This means for a fixed routing value, the document will send to a
fixed shard[this shard has the same value which is same as routing value]
every time.
And also this shard is fixed with one of the our Data Node.
So this indexing operation is tightly coupled with the record with the
node.
Unfortunately, one of our data node got failure during performing a query
operation[here, bulk loading operation is running continuously in
background].
the node that got failure is unresponsible and the other data node and
master node is responsible.
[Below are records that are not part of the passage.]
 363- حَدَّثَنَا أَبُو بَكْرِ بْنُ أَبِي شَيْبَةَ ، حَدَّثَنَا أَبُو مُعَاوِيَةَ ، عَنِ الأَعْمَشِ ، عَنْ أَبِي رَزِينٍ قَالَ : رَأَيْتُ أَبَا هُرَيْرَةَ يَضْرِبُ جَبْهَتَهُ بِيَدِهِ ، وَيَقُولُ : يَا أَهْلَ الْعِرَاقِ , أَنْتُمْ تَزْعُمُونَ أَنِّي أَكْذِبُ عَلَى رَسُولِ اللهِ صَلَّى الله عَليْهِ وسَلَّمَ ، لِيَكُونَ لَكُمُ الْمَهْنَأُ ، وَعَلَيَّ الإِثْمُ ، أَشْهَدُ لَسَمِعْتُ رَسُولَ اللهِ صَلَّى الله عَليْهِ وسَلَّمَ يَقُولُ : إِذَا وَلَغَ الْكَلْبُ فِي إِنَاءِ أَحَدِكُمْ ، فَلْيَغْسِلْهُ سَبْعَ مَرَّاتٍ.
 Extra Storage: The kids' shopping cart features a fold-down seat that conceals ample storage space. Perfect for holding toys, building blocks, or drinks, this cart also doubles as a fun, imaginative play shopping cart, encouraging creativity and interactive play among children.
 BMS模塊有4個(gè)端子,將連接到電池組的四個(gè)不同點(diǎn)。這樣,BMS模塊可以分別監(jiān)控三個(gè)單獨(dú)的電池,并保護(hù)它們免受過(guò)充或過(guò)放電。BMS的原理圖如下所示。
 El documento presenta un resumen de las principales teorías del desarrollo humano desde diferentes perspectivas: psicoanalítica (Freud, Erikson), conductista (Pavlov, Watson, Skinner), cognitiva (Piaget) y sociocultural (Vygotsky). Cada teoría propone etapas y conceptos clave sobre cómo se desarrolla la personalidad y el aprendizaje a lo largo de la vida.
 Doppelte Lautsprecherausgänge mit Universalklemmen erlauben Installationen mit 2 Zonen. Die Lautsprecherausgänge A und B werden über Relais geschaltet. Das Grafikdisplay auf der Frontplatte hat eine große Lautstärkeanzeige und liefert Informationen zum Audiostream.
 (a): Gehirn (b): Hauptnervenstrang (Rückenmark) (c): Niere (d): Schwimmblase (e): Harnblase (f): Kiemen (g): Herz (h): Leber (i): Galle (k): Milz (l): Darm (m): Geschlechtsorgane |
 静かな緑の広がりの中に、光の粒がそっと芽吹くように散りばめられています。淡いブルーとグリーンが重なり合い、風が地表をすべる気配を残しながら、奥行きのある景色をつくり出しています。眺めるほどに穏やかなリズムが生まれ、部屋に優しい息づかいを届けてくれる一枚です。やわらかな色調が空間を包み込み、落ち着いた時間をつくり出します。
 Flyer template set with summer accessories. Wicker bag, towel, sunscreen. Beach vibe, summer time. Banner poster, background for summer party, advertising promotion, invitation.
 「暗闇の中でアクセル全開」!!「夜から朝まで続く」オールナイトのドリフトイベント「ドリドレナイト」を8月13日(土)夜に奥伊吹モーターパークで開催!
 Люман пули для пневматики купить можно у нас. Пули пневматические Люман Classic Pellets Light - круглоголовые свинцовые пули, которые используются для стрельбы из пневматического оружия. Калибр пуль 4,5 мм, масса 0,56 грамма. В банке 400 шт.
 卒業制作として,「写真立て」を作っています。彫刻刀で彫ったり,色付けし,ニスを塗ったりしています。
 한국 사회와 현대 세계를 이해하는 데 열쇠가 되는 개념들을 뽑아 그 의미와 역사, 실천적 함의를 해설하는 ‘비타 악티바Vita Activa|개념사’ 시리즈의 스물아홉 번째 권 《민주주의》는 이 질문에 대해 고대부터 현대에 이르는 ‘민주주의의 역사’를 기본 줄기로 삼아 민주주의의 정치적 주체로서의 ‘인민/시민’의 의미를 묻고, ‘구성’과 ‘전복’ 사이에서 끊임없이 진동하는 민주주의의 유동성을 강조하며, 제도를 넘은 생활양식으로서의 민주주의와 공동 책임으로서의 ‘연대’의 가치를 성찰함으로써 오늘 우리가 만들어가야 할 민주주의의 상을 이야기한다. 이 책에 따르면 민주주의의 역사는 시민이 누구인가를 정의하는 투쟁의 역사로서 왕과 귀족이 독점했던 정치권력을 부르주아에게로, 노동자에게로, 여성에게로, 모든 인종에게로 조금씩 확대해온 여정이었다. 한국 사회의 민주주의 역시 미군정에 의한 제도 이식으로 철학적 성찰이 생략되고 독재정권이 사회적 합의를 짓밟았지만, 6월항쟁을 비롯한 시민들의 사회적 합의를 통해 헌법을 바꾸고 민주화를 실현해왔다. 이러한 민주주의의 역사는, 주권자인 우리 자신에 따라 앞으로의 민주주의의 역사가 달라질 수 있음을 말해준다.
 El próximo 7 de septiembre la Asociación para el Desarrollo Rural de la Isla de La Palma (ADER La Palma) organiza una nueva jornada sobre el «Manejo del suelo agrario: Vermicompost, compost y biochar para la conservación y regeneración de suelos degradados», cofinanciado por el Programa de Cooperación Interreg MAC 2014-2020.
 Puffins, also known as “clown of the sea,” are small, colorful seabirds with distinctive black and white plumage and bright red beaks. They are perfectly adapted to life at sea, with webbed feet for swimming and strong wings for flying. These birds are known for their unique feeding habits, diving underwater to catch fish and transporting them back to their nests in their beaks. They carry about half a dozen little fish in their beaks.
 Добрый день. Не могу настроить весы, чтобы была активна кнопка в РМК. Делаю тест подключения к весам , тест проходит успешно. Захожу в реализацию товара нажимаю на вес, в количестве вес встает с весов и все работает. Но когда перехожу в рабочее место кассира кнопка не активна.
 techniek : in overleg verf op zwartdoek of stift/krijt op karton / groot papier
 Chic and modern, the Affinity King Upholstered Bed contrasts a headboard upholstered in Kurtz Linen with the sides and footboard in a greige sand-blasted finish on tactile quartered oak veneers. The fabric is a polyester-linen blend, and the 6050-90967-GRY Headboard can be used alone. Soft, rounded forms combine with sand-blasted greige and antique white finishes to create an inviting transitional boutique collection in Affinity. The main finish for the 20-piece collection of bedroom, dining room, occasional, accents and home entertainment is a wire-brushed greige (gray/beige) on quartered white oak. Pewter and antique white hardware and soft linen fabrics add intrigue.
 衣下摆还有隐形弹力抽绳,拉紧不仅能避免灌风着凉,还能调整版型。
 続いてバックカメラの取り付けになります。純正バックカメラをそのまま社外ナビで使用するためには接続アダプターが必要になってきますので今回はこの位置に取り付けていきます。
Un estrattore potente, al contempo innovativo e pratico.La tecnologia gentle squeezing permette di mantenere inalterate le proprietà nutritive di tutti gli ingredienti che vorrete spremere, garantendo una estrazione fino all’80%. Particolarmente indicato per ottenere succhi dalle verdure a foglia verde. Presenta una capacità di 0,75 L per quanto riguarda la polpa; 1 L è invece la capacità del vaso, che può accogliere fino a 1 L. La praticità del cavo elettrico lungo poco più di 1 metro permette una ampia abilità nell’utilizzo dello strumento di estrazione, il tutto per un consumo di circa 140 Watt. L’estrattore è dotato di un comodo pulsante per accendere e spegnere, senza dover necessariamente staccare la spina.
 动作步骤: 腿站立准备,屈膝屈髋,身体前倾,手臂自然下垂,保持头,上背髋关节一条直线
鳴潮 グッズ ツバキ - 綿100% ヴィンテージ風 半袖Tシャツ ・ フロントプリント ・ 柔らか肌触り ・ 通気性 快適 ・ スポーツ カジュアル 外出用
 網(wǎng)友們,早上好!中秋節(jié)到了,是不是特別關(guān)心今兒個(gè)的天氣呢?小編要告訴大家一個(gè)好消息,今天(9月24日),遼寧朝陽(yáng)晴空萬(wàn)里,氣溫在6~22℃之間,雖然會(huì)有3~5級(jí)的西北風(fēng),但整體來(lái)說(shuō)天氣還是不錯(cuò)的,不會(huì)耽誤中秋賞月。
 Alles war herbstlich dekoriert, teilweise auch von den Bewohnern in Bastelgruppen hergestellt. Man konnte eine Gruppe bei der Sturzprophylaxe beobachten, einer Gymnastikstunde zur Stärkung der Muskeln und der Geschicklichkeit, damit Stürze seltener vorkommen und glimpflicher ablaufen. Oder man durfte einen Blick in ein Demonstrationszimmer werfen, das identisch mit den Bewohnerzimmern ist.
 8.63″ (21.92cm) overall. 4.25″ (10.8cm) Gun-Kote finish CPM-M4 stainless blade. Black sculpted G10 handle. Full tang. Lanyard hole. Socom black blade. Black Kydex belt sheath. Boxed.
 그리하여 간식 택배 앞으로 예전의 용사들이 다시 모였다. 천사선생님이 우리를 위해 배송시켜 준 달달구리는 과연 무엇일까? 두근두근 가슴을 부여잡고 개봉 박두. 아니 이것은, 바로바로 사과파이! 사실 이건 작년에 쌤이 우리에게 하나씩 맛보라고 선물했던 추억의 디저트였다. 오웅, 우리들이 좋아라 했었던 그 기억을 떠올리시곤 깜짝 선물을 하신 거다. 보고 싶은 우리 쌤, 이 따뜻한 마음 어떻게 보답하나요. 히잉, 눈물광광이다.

Due to this,
some of the records are not inserted into elasticsearch[the records are
tightly coupled with nods, explained above in point A].
Now, what we need is,
how to do load balance while the node got failure.
[i.e., the shards of the node, that got down, should be
available for index/query operation...]
please share the details about the load balance, how it works and
is it solve my problem or not?.
also tell me is there any other mechanism to fix this problem. please
share if you know.
We appreciate your reply..
@Zachary Tong*
Thank you very much for your Reply. and you gave me a good
explanation about the routing mechanism.
As of you told, It is absolutely correct to have Replicas to survive
when we got, node failure/down.*
P*roblem with Replica is that, it will occupy additional disk space,
but we know, performance wise it is good to have Replicas.
You told that it is not a good implementation to have more than one
physical box[here, physical box means, the two servers xx.xx.xx.88 and
xx.xx.xx.89] for multiple elasticsearch nodes.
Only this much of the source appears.